A Wee Dose of Death
Page 2
Since then she’d taken to calling me on my days off, and I usually felt too sorry for her to send her to voice mail.
“Her husband’s looking to retire down here,” I said. “That’s why they bought the house.”
“What would be this retyre? I asked ye once before, but ye didna answer me.”
The words Dirk didn’t know would fill a dictionary. Of course, I didn’t understand a lot of the words he used—he’d died in Scotland when people were still speaking Middle English, like Chaucer. I’d decided there was some sort of transcendental translation agency at work for most of our speech, but we still had a few words to learn. Sometimes I could figure out what he meant just through the context: Ye needna whinge so meant he wanted me to stop complaining. Well, right now I wanted him to quit grumbling. “‘Retire’ means to quit working and take it easy.”
He squinted. Two lines appeared between his heavy eyebrows. If he wasn’t careful, those lines would etch themselves into his face. No, wait. He was a ghost. He’d never get any more wrinkles than those crinkly laugh lines he already had around his eyes.

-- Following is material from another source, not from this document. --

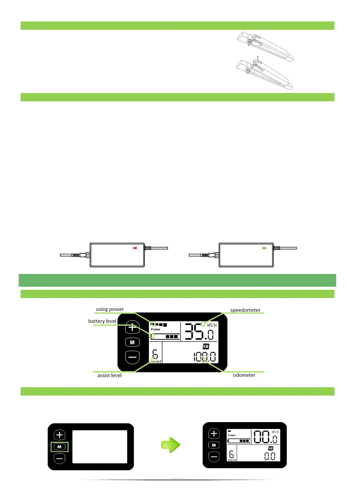 To turn on the display press and hold “M” for 3 seconds. To turn off the display press and

Nothing had changed for him since 1359, the year he died. Except that he and the shawl he was attached to had been transported to twenty-first-century America, a country that hadn’t even existed when he was alive. Well, the land existed, and people were here; but America wasn’t even an idea in any Scottish head 653 years ago.
Retire. I could almost see his brain still shuffling the idea around. Back in the fourteenth century when he was alive, maybe nobody ever retired. If they survived infancy and childhood, then they worked all their lives, got old, and died. Or at least that was what I thought had probably happened. I was truly going to have to bone up on my history. Chaucer’s Canterbury Tales was about all I’d known of the time back then, until I bought an old shawl and met Macbeath Donlevy Freusach Finlay Macearachar Macpheidiran of Clan Farquharson. You can see why I opted to call him Dirk.
3
Settling In
Marcus Wantstring glanced at his green three-ring binder. Thank goodness he’d found it; otherwise this whole trip would have been a waste of time. He hadn’t known where it was at first, and the early-morning dark was getting considerably lighter by the time he remembered he’d left it in the car. So he’d stuffed it in his backpack on top of a brand-new bag of Tootsie Rolls. Well, it had been almost brand-new. Marcus patted the rolled candies in a zippered pocket on his pants leg. A Tootsie Roll was a good reward for having left so quietly, locking the garage side door behind him, so he hadn’t woken his sleeping wife.
He reached for the binder and flipped through it idly, reading a sentence here, a paragraph there. He jotted a five-pointed star in the margin on page 153. He’d have to do something about that section. Without any particular reason he could identify, he remembered that next week was his wife’s birthday, and her sister had planned to fly up from D.C. as a surprise. With this storm, there was a chance nobody would be flying anywhere. He ought to call her and select an alternate date, just in case. He turned back to the first page and jotted today’s date in his distinctive green ink. Call Josie Calais again (when I get cell service), he wrote, wondering as he did so why he was bothering to write himself a note. He wasn’t likely to forget something as important as his wife’s birthday surprise.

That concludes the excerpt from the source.